經過軟禁了一個小時半後,在卡米西爾的示意下,蕾娜再次獲得了從房間內出來自由走動的時間。

她穿好希貝爾給她準備的新裙裳,在床頭櫃前站了片刻,決心把獵血部分發給見習者的鋒銳刀刃折疊別在腿環裏,又披上深黑色的披風,開門走了出去。



頭次見到如此亮如白晝的東塔樓。

可能是因為她來到血族的居住時間也不長。

蕾娜輕輕呼出一口氣,順著熟悉的旋轉樓梯走了下去。

雖然這些燈光亮的把東塔樓每一處角落都照得一覽無餘,不會有任何血族藏在暗處,降低了視野裏未知的不確定性,同時卻又給她一種不安全的感覺。

因為在這偌大的空間裏,只要有個血族踏入了這東塔樓,都能從各個方位角度看到她。

而她身上只有一柄刀刃,若是碰到高階血族的人,只要產生出想獵殺的意圖,蕾娜堅信自己是難以抵抗的。

死亡率就可能高達百分九十九,除非卡米西爾從天而降,拋掉他那些工作來救她。

但她現在連卡米西爾為什麽要找她合作的原因都沒搞清楚,更別說去賭‘如果自己陷入危險,卡米西爾會不會來救她’這件事了。

不過也有可能是自己想太多了。

畢竟能進入這宮殿裏的,必定是想要和卡米西爾有合作的吧。

如果有什麽陰謀心思,就這麽下手的話也太蠢了。

蕾娜屏住呼吸,低頭看著腳踏到底層的地板上時,才感覺自己剛剛一直擔心被其他血族發現的心結結實實地落到了心底。



明亮的光芒平等照耀到所有的角落。

她小跑起來,專門挑著與其他地方相比稍顯昏暗的角落裏走,還沒走到東塔樓外邊,就聽到有一男一女的聲音再附近響起。

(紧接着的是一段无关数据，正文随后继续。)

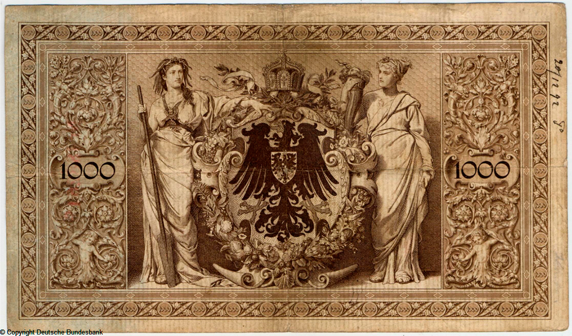{SH2.0: §II. F-A/a} {§III} 1.1. Manufacturer ( printing house): Reichsdruckerei 1.2. Подписи: Reichsbankdirektorium - von Dechend, Boese, von Rotth, Dr. Gallenkamp, Herrmann, Dr. Friedrich Koch, von Könen. 1.3. Numbering: Nr123456a - one-letter series, six-digit number. The color of the number is red. 1.4. Size: 187 x 110 mm. 1.5. Paper/watermark type: Paper without watermarks, with blue localized fibers. Paper with vertical embossing throughout the field. 1.6. Sign design elements: The main image of the front side : Coat of arms of the German Empire (in the background), seals of the German Reichsbank, text. Text: 1000 Reichsbanknote. 1000 The main image of the reverse side: the coat of arms of the German Empire in a wreath of laurel branches crowned with the imperial crown. On the left is a woman with a paddle as the personification of shipping, on the right is a female figure with a horn of abundance as the personification of fertility. Text: 1000 1000 Predominant colors: Dark brown, brown. 1.7. Author (s) of sign design: Artists - Ferdinand Luthmer, Otto Knille, engraver - Hans Meyer. 1.8. Sample types: MUSTER (Type 1): Signed by officers Serial number of the Nr000000a. HP and OS separately. Original paper. Black overprints "Muster-Abdruck - werthlos" on hp and os. Perforation "DRUCKPROBE" four times at the edges of the sign. 1.9. Reichsbankdirektorium seals: one red seal. 1.9. Dates of circulation of the sign: Introduced: November 1884 Canceled: July 5, 1925 3.1. Rosenberg H. Grabowski H. Die deutschen Banknoten ab 1871. H.Gietl Verlag & Publikationsservice GmbH, Regenstauf.Auflage: 19., Auflage 2013/2014 (REV). (31. Oktober 2013) ISBN 978-3866465534 3.2. Grabowski H. Die deutschen Banknoten ab 1871. Battenberg Gietl Verlag GmbH. Auflage: 21., Auflage 2018 (7. Dezember 2017) {Catalog code - "Ro"} 3.3. Albert Pick Jens-Uwe Rixen (Bearb. Hans L. Grabowski) Papiergeld-Spezialkatalog Deutschland. Auflage 3. Gietel Verlag, 1998. 3.4. Standard Catalog of World Paper Money, Specialized Issues. Krause Publications; Twelfth Edition (12) (18. Dezember 2013) {Catalog code - "P"} 3.5. Michael H. Schöne, Die Varianten der deutschen Reichsbanknoten 1876 bis 1914. Verlag: Eigenverlag, Pirna. Auflage: 2008.

聽著那聲音由遠到近,此刻還有往東塔樓靠地過更近的意思。

“……”

蕾娜心中緊張起來,飛快地朝兩旁看了看,隨即朝前方連接著主殿長廊的一側房間跑去。

推開虛掩的房間,入目即的籠罩在黑暗中的沙發等類似談話室的小型會議室。

蕾娜連忙將身後的門關上,閉了閉眼,開始在這個房間找了個角落,打開衣櫃飛速地鉆了進去。

周身黑暗一片,這個房間內只有自己的呼吸,被這一團黑乎乎的光線包裹著,蕾娜頭次能感到見到這樣的黑暗會很安心,很快樂。

也是實在沒招了。

隨著她這一番動作的時間過去,長廊外的腳步聲與談話聲也距離這間房間越來越近。

近到感覺他們所在的位置與自己所在的房間就隔著一面墻。

不知此刻到底要怎樣形容現在緊張又有些好奇興奮的心情,蕾娜不由自主地靠近衣櫃門縫,試圖透過這門縫看到點兒什麽。

但因為對方在外邊站定了一會兒,隨即進的是這間房間的隔間,她也就只能聽到隔壁開門的聲音。

緊接著,一切話語聲都模模糊糊起來了。



“你說莫裏斯芬家族會站在哪一旁?是站蒙特維爾家族,還是納克斯伯爵的維蘭蒂斯家族?”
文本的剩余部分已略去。